While augur was initially designed to process viral sequence data, we have extended it to work with bacterial data. Genome evolution and spread of bacteria differs from viruses in several important ways:
- genomes are much larger, but only a small fraction of sites are variable
- bacteria often gain or loose genes via horizontal transfer
- drug resistance determinants and virulence factors often reside on plasmids or other mobile elements.
The latter two complications are not an issue for Mycobacterium tuberculosis (MTb) and we will focus our analysis here on MTb. The biggest difference in the analysis workflow is that sequence data typically doesn't come as a collection of sequences in fasta format, but as a list of differences relative to a reference sequence. These difference are typically stored in VCF format. The basic structure of VCF is the following
#CHROM POS ID REF ALT QUAL FILTER sample1 sample2 sample3 1 143 x G A 29 PASS 0 1 0 1 173 y T A 3 PASS 0 0 1 ...

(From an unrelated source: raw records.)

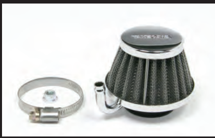
エアフィルター(ノーマルスロットルボディ用)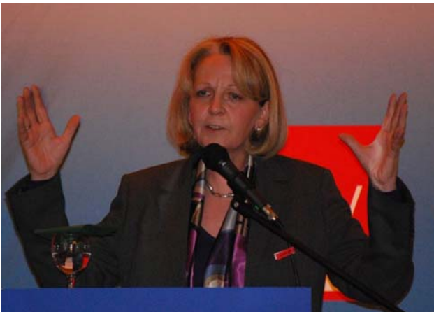
Gastrednerin Hannelore Kraft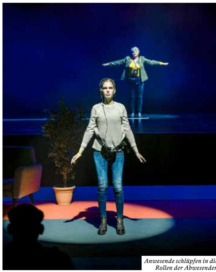
Anwesende schlüpfen in die Rollen der Abwesenden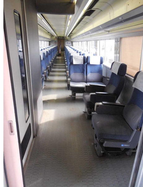
左の写真と同じ場所を デッキから見たところ 上端に見えているのは文字案内表示器 多目的室に隠れて見えなくなってしまう この位置に設置されているが これでは車いす対応座席からは 文字案内を見ることができない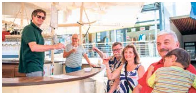
Das Weingut Höhn aus Rheinhessen freut sich auf viele nette Gäste und gute Stimmung.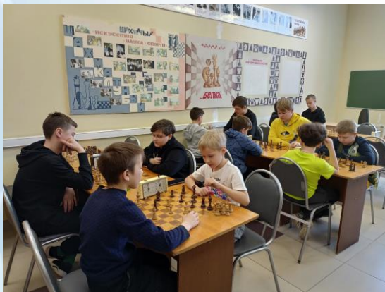
Юноши- участники основного этапа VI окружного блиц-турнира по шахматам

18 февраля обучающиеся, прошедшие отборочный этап турнира приняли участие в основном этапе соревнований. Проходил основной этап турнира в г. Слободском на базе МБУ ДК "Паруса".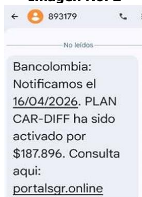
Imagen No. 2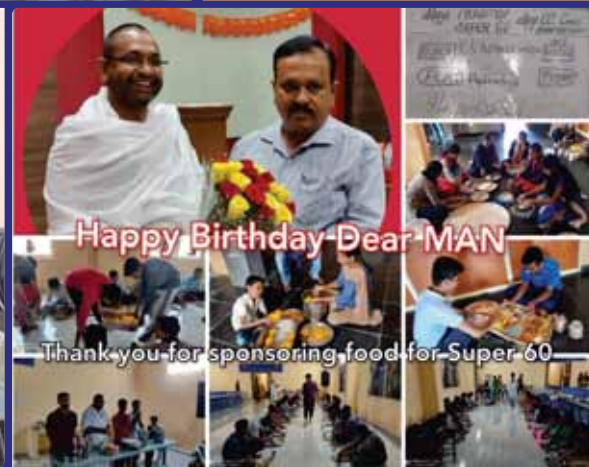
Happy Birthday- Dear MAN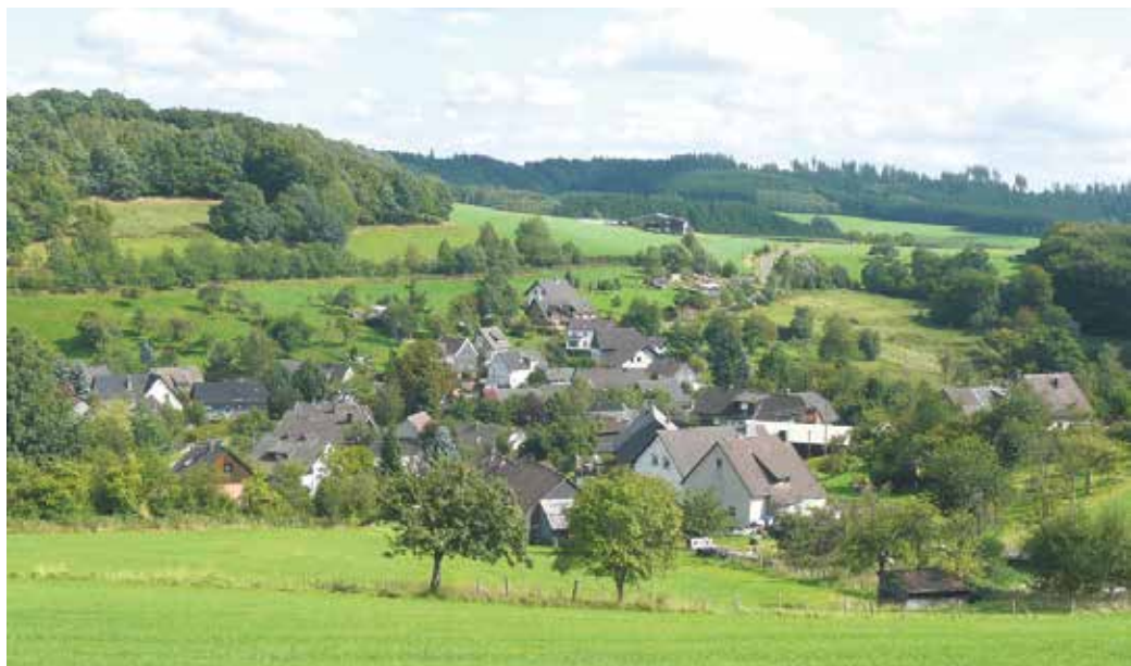
Der Dorfservice Oberberg unterstützt Dorfvereine und Dorfgemeinschaften des Oberbergischen Kreises weiterhin mit gebührenfreien Schulungen.

Die gebührenfreie Schulung erfolgt ab Mittwoch, 15. April, in sechs Fortbildungsmodulen mit vielen Beispielen, Vorlagen und Tipps für die direkte Anwendung im Vereinsalltag. "Ziel des Oberbergischen Kreises ist es, durch das Engagement der Dorfbewohnerinnen und Dorfbewohner in Zeiten des wirtschaftlichen und demographischen Wandels die ländliche Region l(i)ebenswert zu erhalten.

Each row corresponds to a variable position and specifies the reference allele (REF) and the variant allele (ALT). Each sample corresponds to a column that contains information on whether the sample has the reference allele or the variant allele at this position. (The actual file is a lot more complicated than this example and contains all sorts of quality and filtering information).
Besides using different input files, the basic augur workflow is pretty similar for bacteria and viruses. A step-by-step tutorial for MTb data is available on the nextstrain website.